# Rode RS today! Cervelo vs. TREK?!?!



## N.C.VortexRider

Hey everyone,
I went by my LBS today and got set up on a 2008 RS with full Dura ace. It was pretty awesome yet the ride was very short. Fitted to a 51cm frame btw. It is at closeout price of $3200. Day before I went by local Trek shop, they have me looking at a demo'd 09 5.2 Madone with Ultegra SL, red shield 5 yr warranty. Demo price $3200, $190 for red shield, also a $350 option to have new re-spray if I cared for a "new" look. 
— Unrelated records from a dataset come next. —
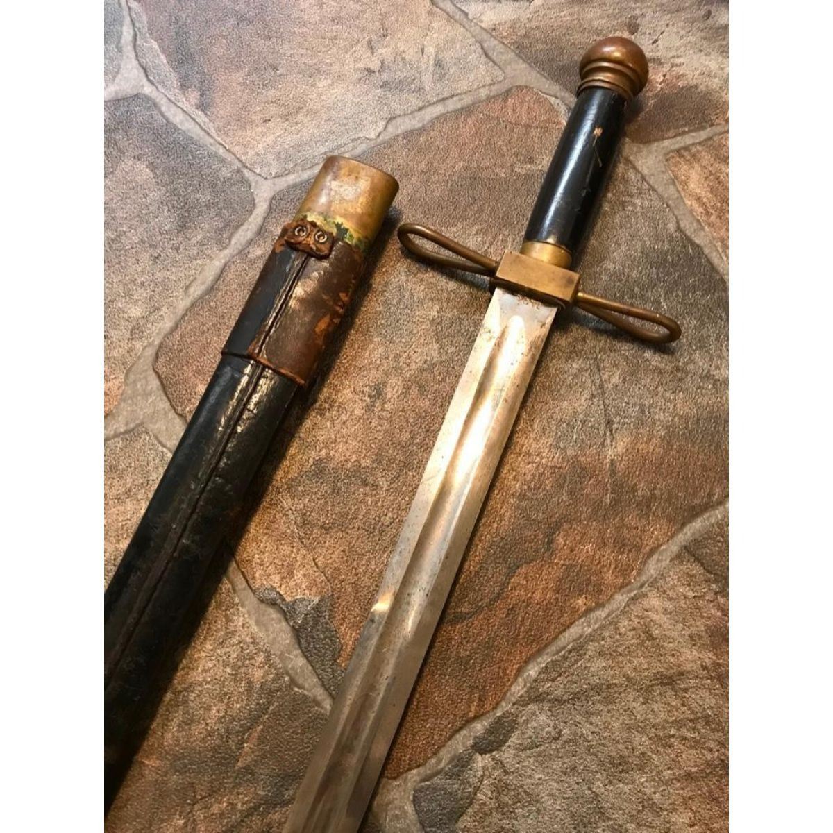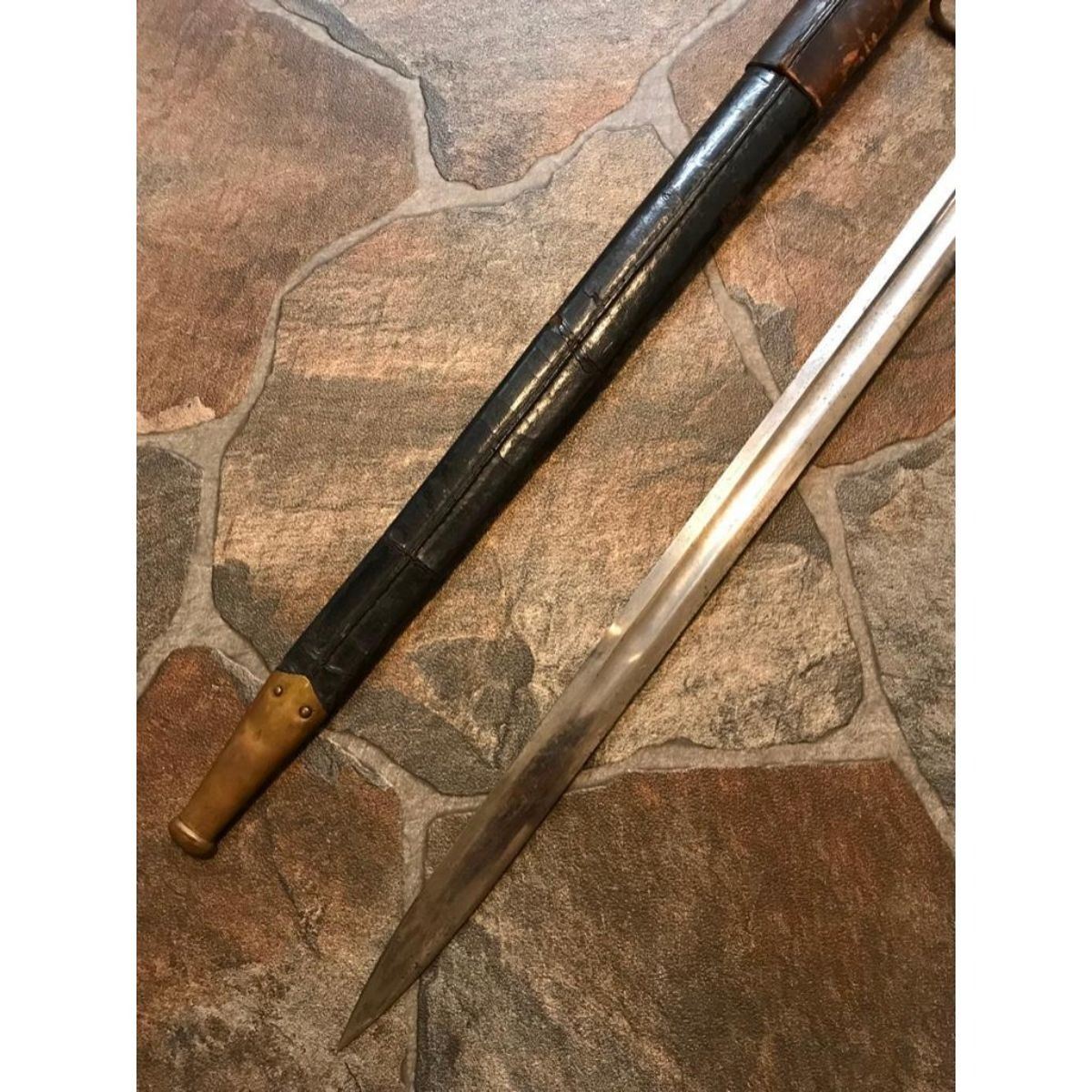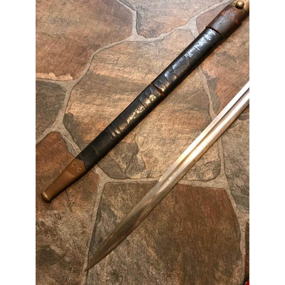 Rare 1893 Exposition Guard's short sword from the World's Fair Columbian Exposition, Chicago. This sword was made by the Ames Sword Co. and marked W.C.G. ( World’s Columbian Guard ) and serial numbered 1434 on the ricasso, made specifically for the Chicago 1893 World Columbian Exposition & worn by all of the Columbian Guards at the 1893 Chicago World's Fair as their sidearn. At the peak, there were 2500 guards. The sword has a brass hilt with a black painted wooden grip. The pommel was in the shape of a half-globe, a theme echoed on the Guards’ buttons. The crossguard is two brass ellipses, hollow inside, that join at a quillon block with the letters “WCE “deeply cast into it. The blade is straight, double edged, and has a single fuller running down the middle of the blade until it tapers out about 6 inches from the point. The scabbard is black leather with brass mounts held on by brass rivets. Together with the original leather sheath. Total length 26". Blade length 20 1/4".  The story of the World Columbian Guard is a very interesting one. The Guard was commanded by Col. Edmund Rice, who was a Civil War winner of the Medal of Honor for bravery at the battle of Gettysburg. The WCG was largely composed of former US Army Soldiers, many of them veterans of the Civil War. Intended primarily as guides, they ended up pursuing America’s first serial killer. Â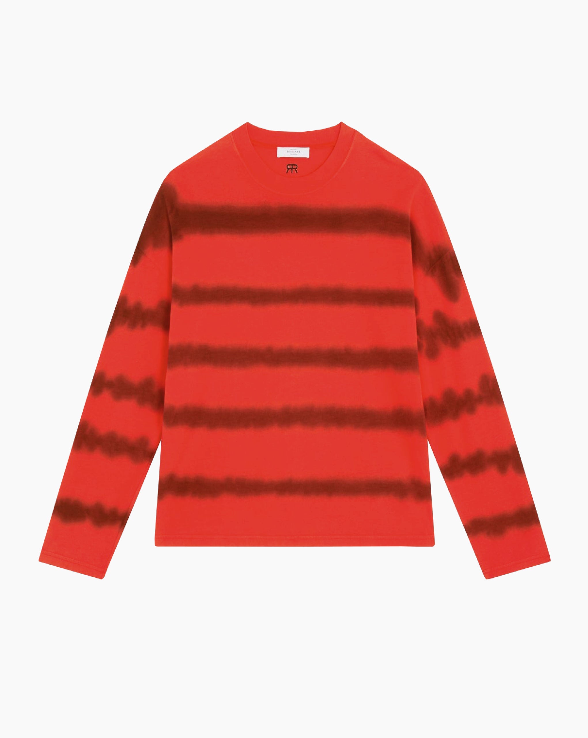 tie-dye pattern achieved by hand spraying, making each piece unique. Comes with embroidered "R" on the back of the neckline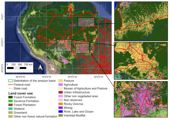 Roads within the Brazilian Amazon jointly with the land use and land cover in the Amazon region.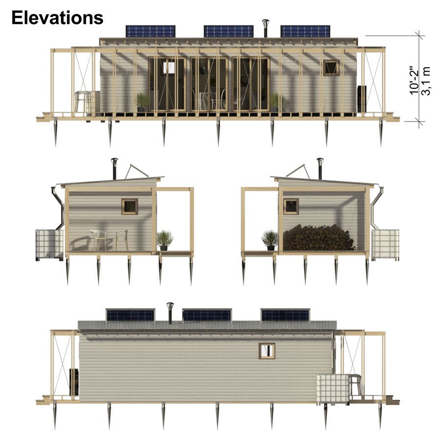 Complete set of cabin kit plans (pdf): layouts, details, sections, elevations, material variants, windows, doors.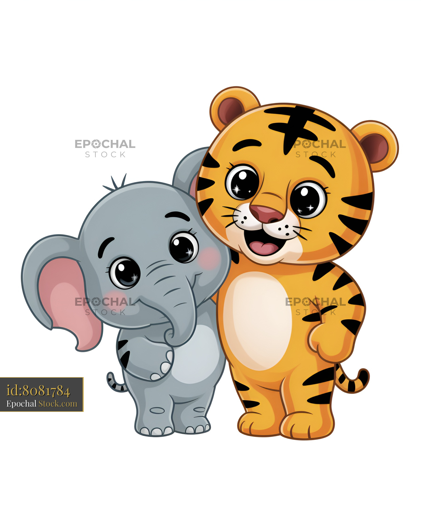 A small gray elephant and a smiling orange tiger stand close together. They show friendship and joy. The setting is colorful and bright. This scene captures a fun moment of animals.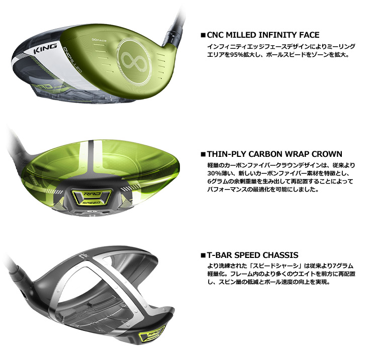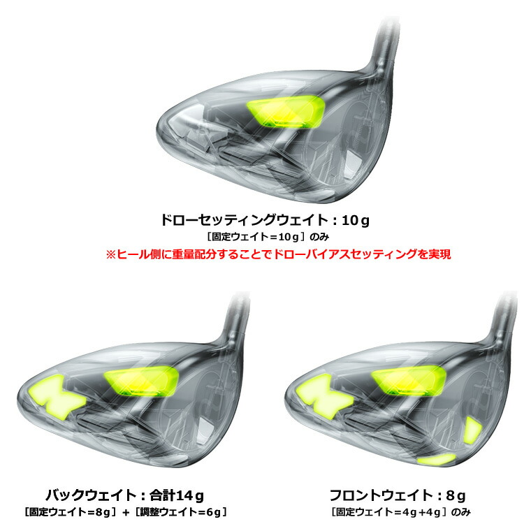 最大の特徴であるヒール側に設置されたドローバイアスウェイトによりスライスを低減。また、バックウェイトによる高弾道と直進性、フロントウェイトによる低スピンと高速なボールスピードで飛距離性能や許容性も高レベル。

- I really liked the sharp handling of the RS, yet after an entire day of researching after my concern is the toe overlapping on the 51's (which I incurred on a tight turn). 

-The price between the two is very balanced, yet the red shield sounds reassuring for the long haul. However I read alot of riders get the AL frame Soloist/ S1 and they say its just as good if not better than the CF roadies around. But they all deal with a heavy bike. Roughly 19-22lbs depending on 08/09 and painted vs. flat finish. 
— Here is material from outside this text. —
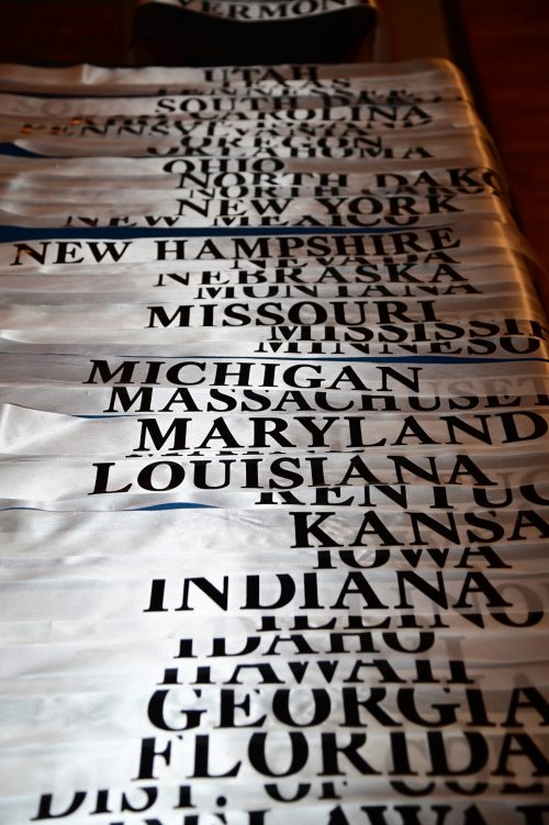 The event is invite-only, although anyone can request an invitation as space allows. Participants can pre-purchase a state to represent before the event or take a chance to receive a state at the door. People have been known to show up several hours prior to the start to get a state sash.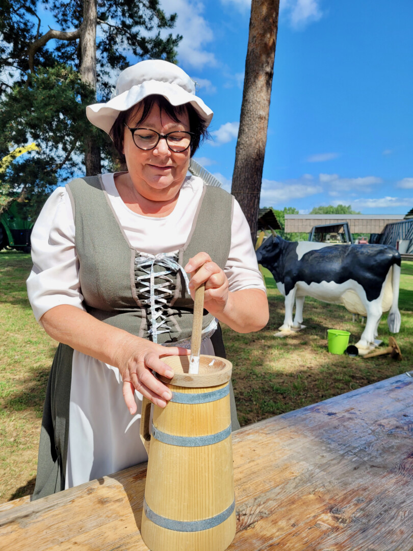Technik im Wandel der Zeit und Handwerk erleben waren die Schwerpunkte während der vier Aktionstage auf dem Freigelände. Moderne Landwirtschaftstechnik wurde den historischen Landmaschinen aus der Sammlung des Museums gegenübergestellt. Für viele Besucher ein Bild, das die technische Weiterentwicklung auf beeindruckende Weise verdeutlichte. Kinder aus Kitas und Grundschulen hatten die Gelegenheit, die verschiedenen museumspädagogischen Angebote – Schule vor 100 Jahren, Buttern, Wäsche waschen wie früher – kostenfrei auszuprobieren. Dazu wurde Spiel und Spaß rund um die Themen Tier, Natur und Technik geboten.

My overall question is what is more recommended by you all? I love the tech. on the Cervelo's but RS or Team Soloist/S1 in comparison for overall $/per Trek 5.2 madone.

Any and all on this is surely appreciated. Tips, personal experiences, pics, etc. are all welcomed and appreciated to assist in this decision. 

kind regards!


----------



## JimT

I envy you actually finding bikes in your area to demo. 
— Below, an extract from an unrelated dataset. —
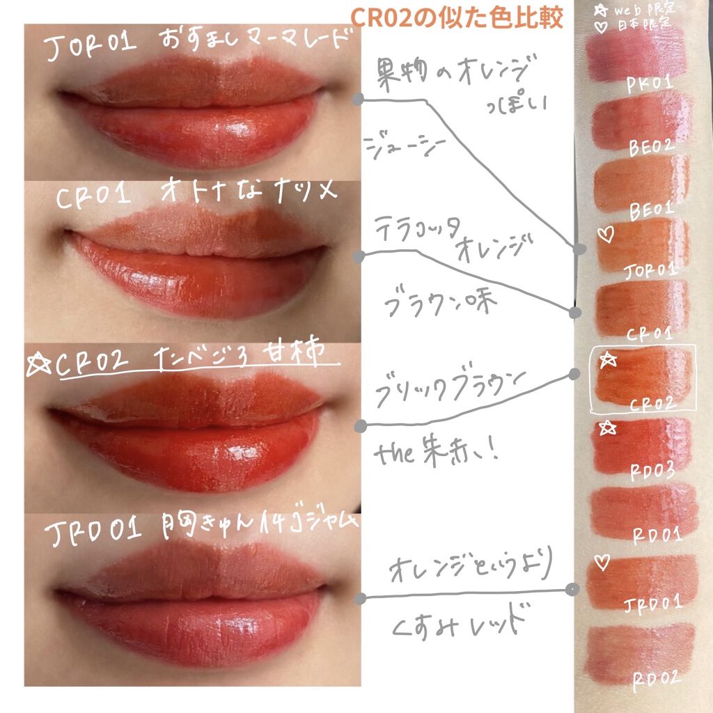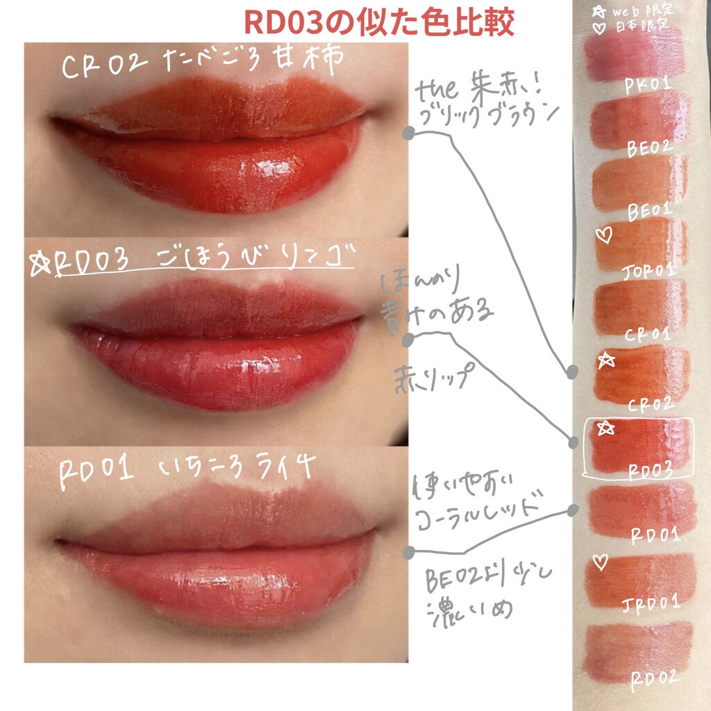 - Point 1 ジューシーなもぎたて果実のような発色が長時間続く Point 2 キラキラ輝くスパークリングジュエリーパウダー配合 Point 3 リップケアオイル配合で、クリアな光沢感のある仕上がり RD03、CR02は公式オンライン限定発売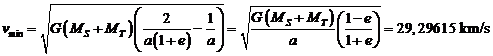 La velocità minima si ha in afelio, in corrispondenza del raggio massimo Rmax = a(1+e)

To you question I would go with which one felt best, and then if they were equal I would go for the that looks best to you....

Good luck I am sure you will be happy either way


----------



## jpdigital

Only one I can (legitamately) chime in on is the Soloist/S1. As far as tech./value-per-dollar IMO is unmatched. As far as the ride, while it _does_ have an_ unaluminium-like_ ride, it still is aluminium. In saying that it rides better than many if not most low-to-mid level carbon bikes is true, you'll _definately_ feel the difference in ride from an S1 to an RS (or even a Madone for that matter).

Though RS can be (and in some cases _is_) raced, the S1 definately has a blatently aggressive demeanor to it. Consider what kind of riding you do, at the prices you're mentioning both are a tremendous value. If you like to do longer rides on, say, chipsealed roads than IMO the RS would be the way to go. Also if you value overall comfort as opposed to shear agression, again I'd lean toward the RS.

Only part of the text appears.